Как азартно ты гонялся за шестиклассником! Почему бы тебе за Андрюшей Колесниковым не побегать? Нет, от Андрюши лучше отвлечься. Это может плохо кончиться. Лучше уж припомнить, как я испугался собаки. Вскарабкался на дерево, а собака оказалась совсем безобидной: подбежала, взглянула вверх и завиляла хвостом. Конечно, этому можно найти оправдание: я еще совсем малыш, вот на мне синие шортики; губы — пухлые, а глаза — испуганные. Это можно не засчитывать. Но все равно что-то во мне осталось от того страха — привкус позора, что ли, мало хорошего, что ни говори.

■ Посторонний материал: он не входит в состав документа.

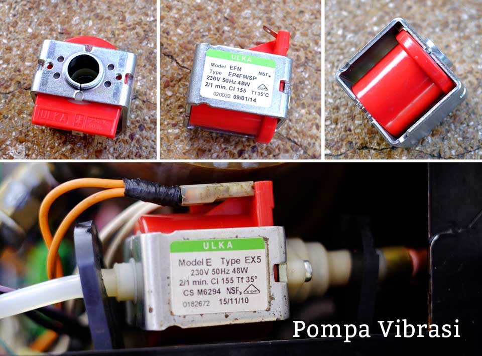 Pompa Vibrasi. Pompa adalah jantungnya mesin espresso, piranti yang bertugas mengatur pasokan air ke dalam boiler hingga grouphead pada saat tuas atau lever diaktifkan.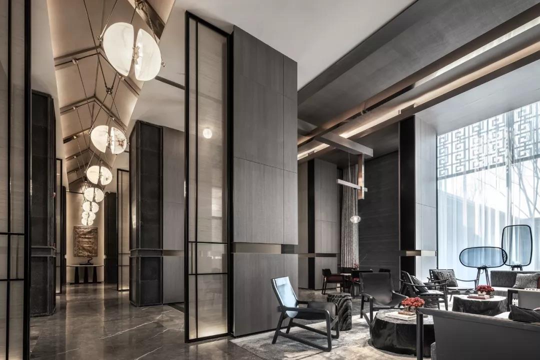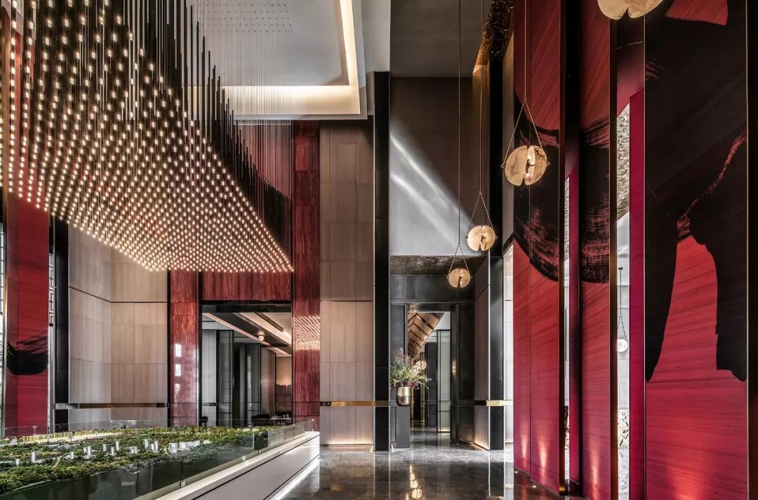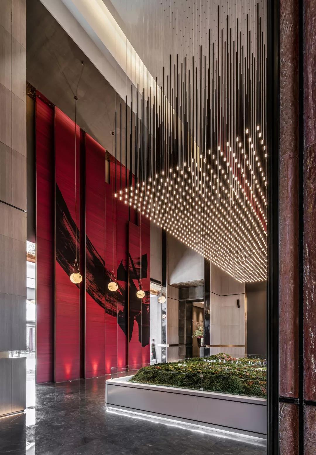 空間以中式對稱而宏大的陣列排布。巨型燈飾以不勝枚舉的吊燈組件構建起遼遠而闊大的觀感,東方蒼勁的書法筆跡游走于空間各處,當代與傳統融合共鳴,創造出一種包含著能量的“場域”,演繹空間的靈動美與超驗感。

А вот воспоминаньице куда неприятней: я иду домой дальней дорогой, только чтоб не встречаться с тремя типами, которые поклялись меня побить, оказывается, и это не забыто, осталась позорная отметина, и теперь ей самое время болеть.
Наконец-то появляется кошка. А! Не вытерпела! Но она тут же убегает — узнала. Придется прекратить охоту. Еще долго я слоняюсь по улицам. И чем же заканчивается этот невезучий день? Встречей все с тем же шестиклассником из мультфильма. Он не один. Он что-то рассказывает шестикласснице с белыми лентами в косичках. Может, он ей рассказывает, как дал мне пинка? Шестиклассница замечает меня, толкает его в бок и что-то говорит, наверно: «Убегай, он тебя отлупит!» Толстячок из мультфильма смотрит на меня, потом оглядывается — вот бы убежать! Но он не из тех, кто драпает на глазах у девочки. Он остается. Ему ужасно хочется, чтобы кто-нибудь за него вступился: он озирает улицу, балконы — никого.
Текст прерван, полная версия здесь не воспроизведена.